### Work order
Beginning with the line containing "CHR-A1 Chris' Lounge" and ending at the last line of the records, transcribe each line exactly. Do not include pictures.

..............................

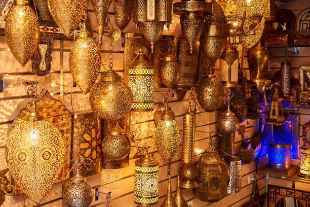 Ramadan est le mois des lumières tamisées. Après le jeûne diurne, la maison s’illumine en douceur à l’heure du maghrib. Les lanternes traditionnelles — fanous — diffusent une lumière dorée qui crée instantanément l’atmosphère recherchée. Oubliez les néons agressifs : on privilégie les bougies LED, les guirlandes lumineuses discrètes et les luminaires en laiton perforé.
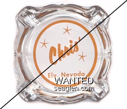 CHR-A1 Chris' Lounge 3 11/16" Clear Glass Ashtray "Chris' Ely, Nevada" - Orange on white |
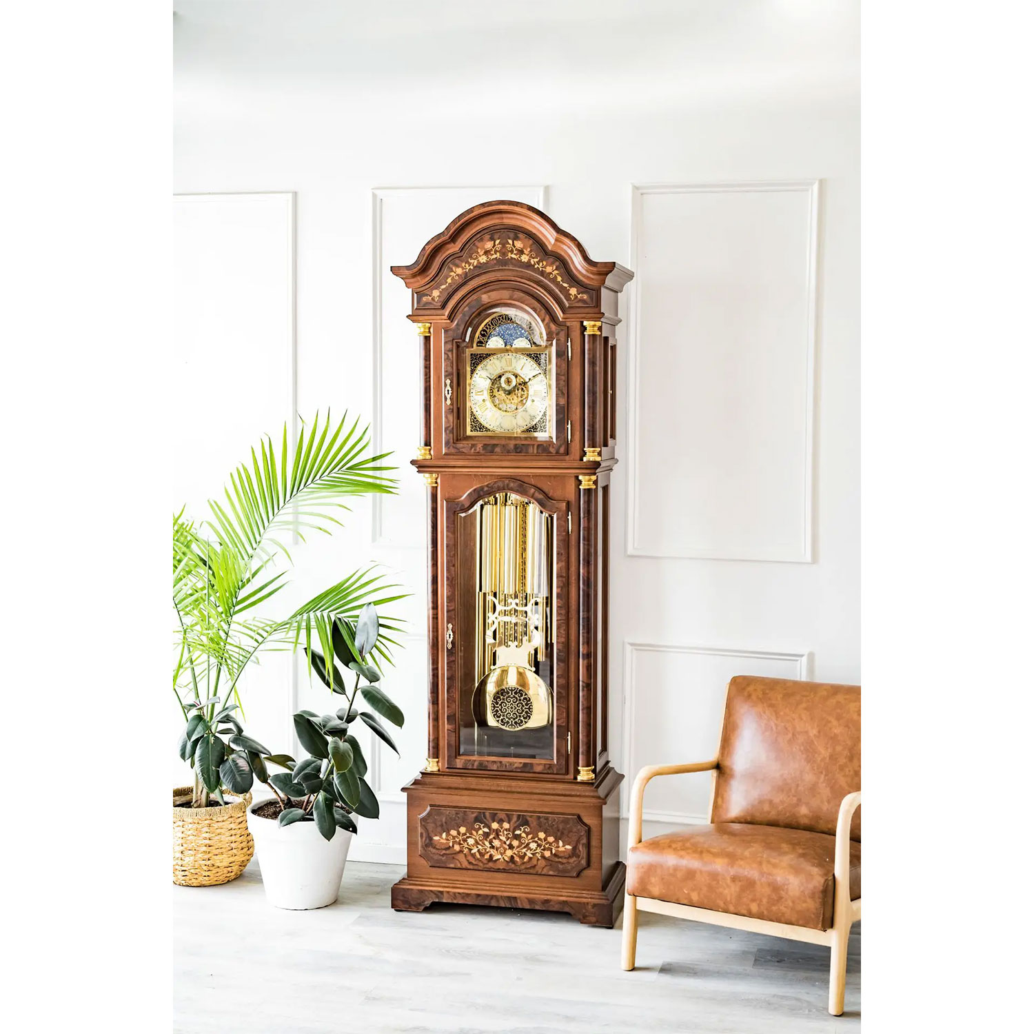 Die Hermle Standuhr 01210-031171 vereint klassische Eleganz mit hochwertiger traditioneller Uhrmacherkunst. Ihr Gehäuse besticht durch echte Intarsien und fein gearbeitete Wurzelholzeinlagen, die der Uhr eine warme, repräsentative Ausstrahlung verleihen. Die integrierte Mondphase auf dem Zifferblatt unterstreicht den klassischen Charakter dieser edlen Standuhr.
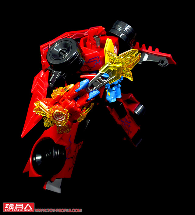 ▼ 可從紅色的機器人變形為長劍,並配有黃色的透明強化零件。
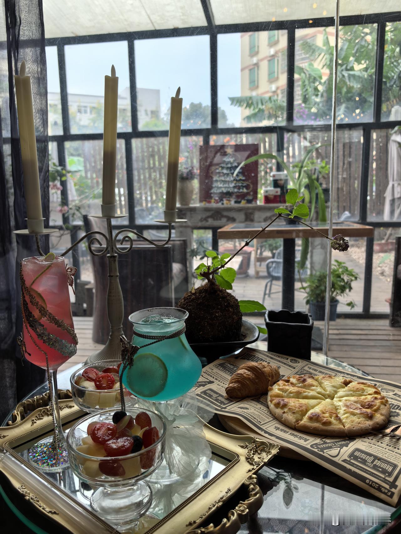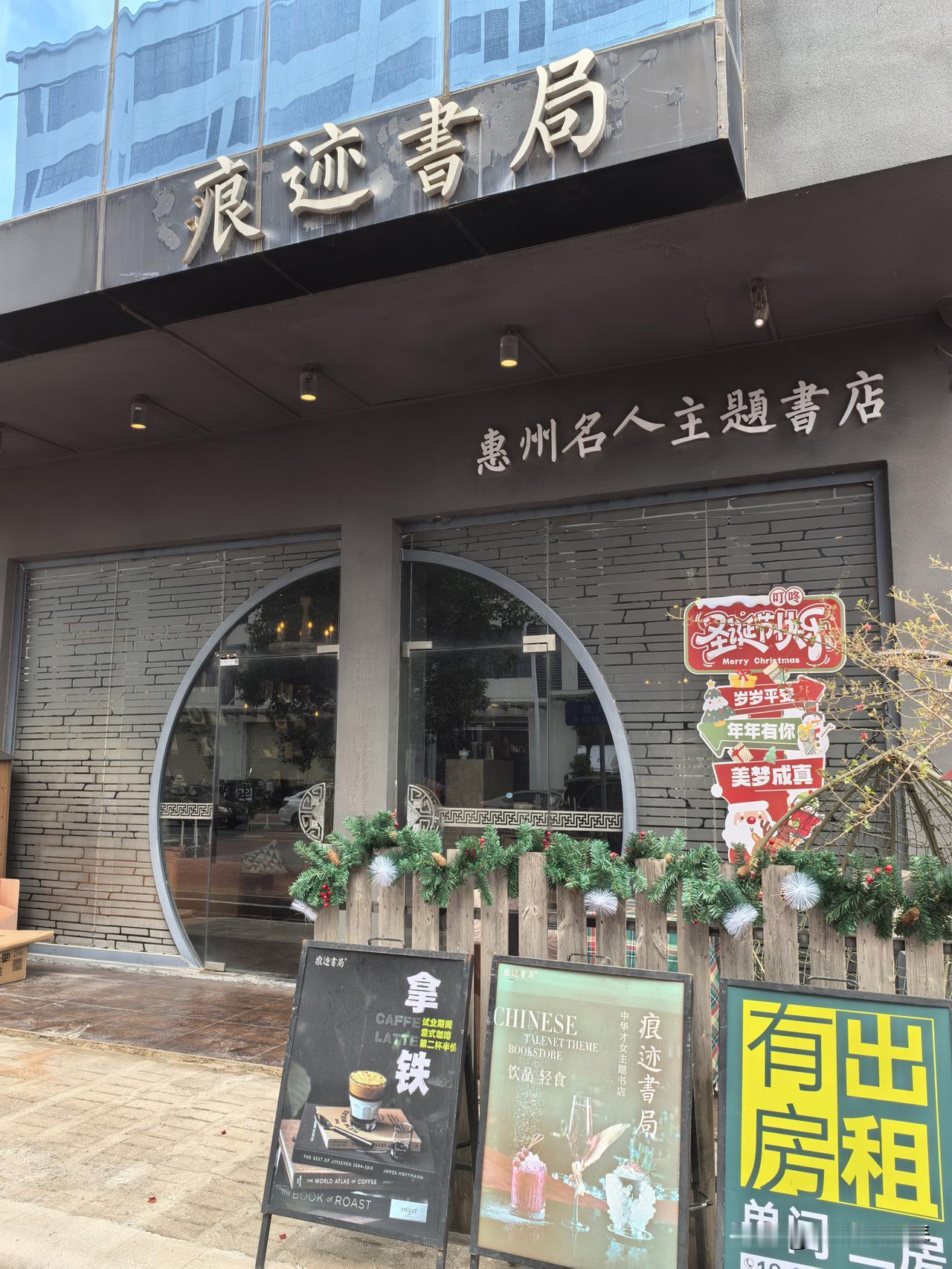 真的要大力推荐这家店!!环境好到,待一下午也不觉浪费。享受个人空间的好去处[心][心]看得出老板很有想法,店面布置🉐很精致。咖啡☕,饮品,小吃,书局为一体~~ 痕迹书局,位于惠州水口,位置虽有点偏但瑕不掩瑜,喜静的朋友一定喜欢。我就在那呆了一下午,看着服务员妹妹忙碌的身影。 [彩虹]餐厅环境: 将美食和书局相融合,装饰风格很讲究,以惠州历史名人为主题,🈶廖仲恺、苏东坡、祝枝山等等。 摆放各类型图书,供客人翻阅,还展示了一些做咖啡的工具的。除了室内,还有室外区域,摇椅摇起来~ 感觉餐厅老板会画画,有未干的画作,不知感觉是否正确?! 好喜欢他们的吧台,太好拍了~ [彩虹]美食推荐: 网上推出各类套餐,有中式西式,我选的是下午茶双人套餐。 两杯饮品,一个榴莲披萨,两份水果拼,一个牛角包。高脚杯搭配蝴蝶装饰,与饮品相得益彰,显得好高级! 披萨除了榴莲口味,还可以选其他咸口的;牛角包不错,吃起来脆脆的。 [烟花]餐厅地址: 惠城区水口红岭路21号痕迹总部(日咖夜酒) 营业时间: 12:00~20:00 人均消费: 30~40 惠州美食

..............................

### Reply to the exercise
 CHR-A1 Chris' Lounge 3 11/16" Clear Glass Ashtray "Chris' Ely, Nevada" - Orange on white |
 Die Hermle Standuhr 01210-031171 vereint klassische Eleganz mit hochwertiger traditioneller Uhrmacherkunst. Ihr Gehäuse besticht durch echte Intarsien und fein gearbeitete Wurzelholzeinlagen, die der Uhr eine warme, repräsentative Ausstrahlung verleihen. Die integrierte Mondphase auf dem Zifferblatt unterstreicht den klassischen Charakter dieser edlen Standuhr.
 ▼ 可從紅色的機器人變形為長劍,並配有黃色的透明強化零件。
 真的要大力推荐这家店!!环境好到,待一下午也不觉浪费。享受个人空间的好去处[心][心]看得出老板很有想法,店面布置🉐很精致。咖啡☕,饮品,小吃,书局为一体~~ 痕迹书局,位于惠州水口,位置虽有点偏但瑕不掩瑜,喜静的朋友一定喜欢。我就在那呆了一下午,看着服务员妹妹忙碌的身影。 [彩虹]餐厅环境: 将美食和书局相融合,装饰风格很讲究,以惠州历史名人为主题,🈶廖仲恺、苏东坡、祝枝山等等。 摆放各类型图书,供客人翻阅,还展示了一些做咖啡的工具的。除了室内,还有室外区域,摇椅摇起来~ 感觉餐厅老板会画画,有未干的画作,不知感觉是否正确?! 好喜欢他们的吧台,太好拍了~ [彩虹]美食推荐: 网上推出各类套餐,有中式西式,我选的是下午茶双人套餐。 两杯饮品,一个榴莲披萨,两份水果拼,一个牛角包。高脚杯搭配蝴蝶装饰,与饮品相得益彰,显得好高级! 披萨除了榴莲口味,还可以选其他咸口的;牛角包不错,吃起来脆脆的。 [烟花]餐厅地址: 惠城区水口红岭路21号痕迹总部(日咖夜酒) 营业时间: 12:00~20:00 人均消费: 30~40 惠州美食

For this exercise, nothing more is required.